Nim bare-metal environment for embedded targets. headless mode
Actual implemented target: raspberry pi1 / pi zero (bcm2835)
General target requirements:
- at least 4KiB ram
- at least 20KiB flash
- 1 UART for terminal
- 1 hardware timer
- [cycle counter]
- software interrupt mechanism
- cooperative scheduler (actual simple round-robin scheme / deadline-scheduler planned)
- code runs under system-mode (armv6)
- async programming model (requirement: do not block the event loop)
- easy portable / most of the stuff is in nim - only a 'few' lines of asm
- bare-metal playground and research
- no vendor specific API's - just Nim and direct hardware access
- having fun
- GNU-ARM
- a terminal for uploading files (CoolTerm, yat(supports 3000000baud) , realterm or something else)
- usb to serial adapter [!!! 3.3Vmax on the line !!!] (ftdi, CH340..)
- tested with Nim compiler devel / GNU-ARM toolchain 13.3Rel1 with windows11 host
- older toolchains are also fine but not 14.2Rel1 (actually not investigated)
- current baudrate is set to 3000000 / highest one for 250mHz core clock - changeable in envconfig.nim [config_uartBaudRate]
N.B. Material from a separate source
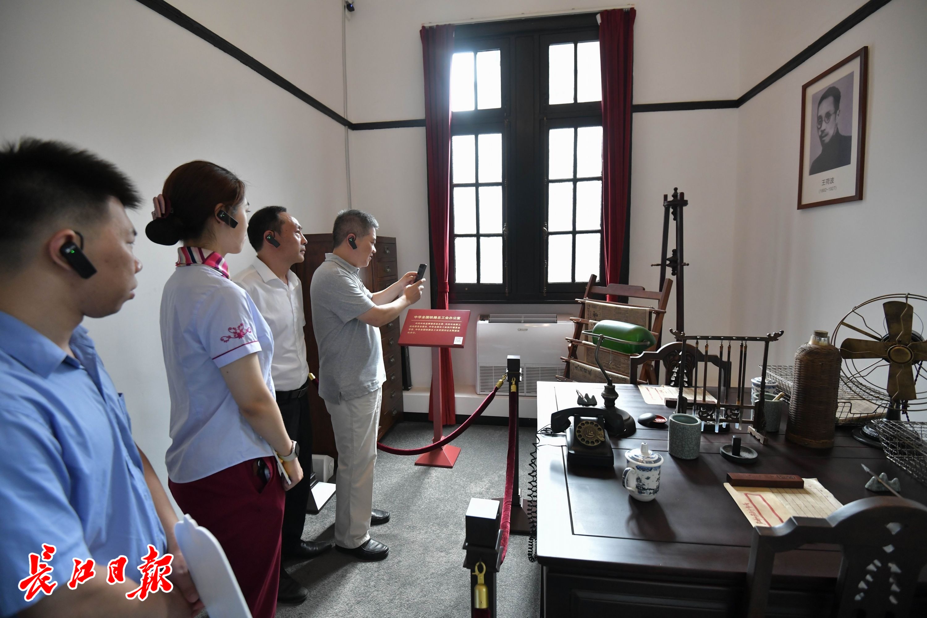 劳模工匠职工代表首站来到汉口中华全国总工会旧址纪念馆参观学习。“这里是中华全国铁路工会当年的办公室,王荷波曾在此办公。”讲解员带领大家参观一间办公室的复原陈列时介绍,1927年2月16日召开的中国铁路工会第四次代表大会,所有的筹备和会务工作均在这间办公室完成。大会上,王荷波当选为中华全国铁路总工会第四届执行委员会常委、中华全国铁路总工会党团书记。同年召开的中共五大选举产生党的历史上第一届中央监察委员会,王荷波、许白昊等工运领袖当选为中央监察委员会委员,杨培森、萧石月等工运领导人当选为候补监察委员,王荷波任中央监察委员会主席。

- checkout project and compile the demo with "nim build_rp1 project.nims"
- configure host terminal (EOL is linefeed)
- copy kernel.img to raspberry´s sd-card (consecutive builds are uploadable via terminal (Motorola SRecord format used))
- wire gpio14 (TxD0) to adapter's rx-line
- wire gpio15 (RxD0) to adapter's tx-line
- Rx/Tx wires should be short as possible (10cm jumper wired will work) / the ftdi runs fine with 3000000baud (other vendors not tested)
- wire ground (I always use pin39) to adapter ground
- power target on
- follow the instructions on terminal :-)
- stdio is retargeted to UART
- the demo spawns up to 10 'processes' (at the moment no posix api)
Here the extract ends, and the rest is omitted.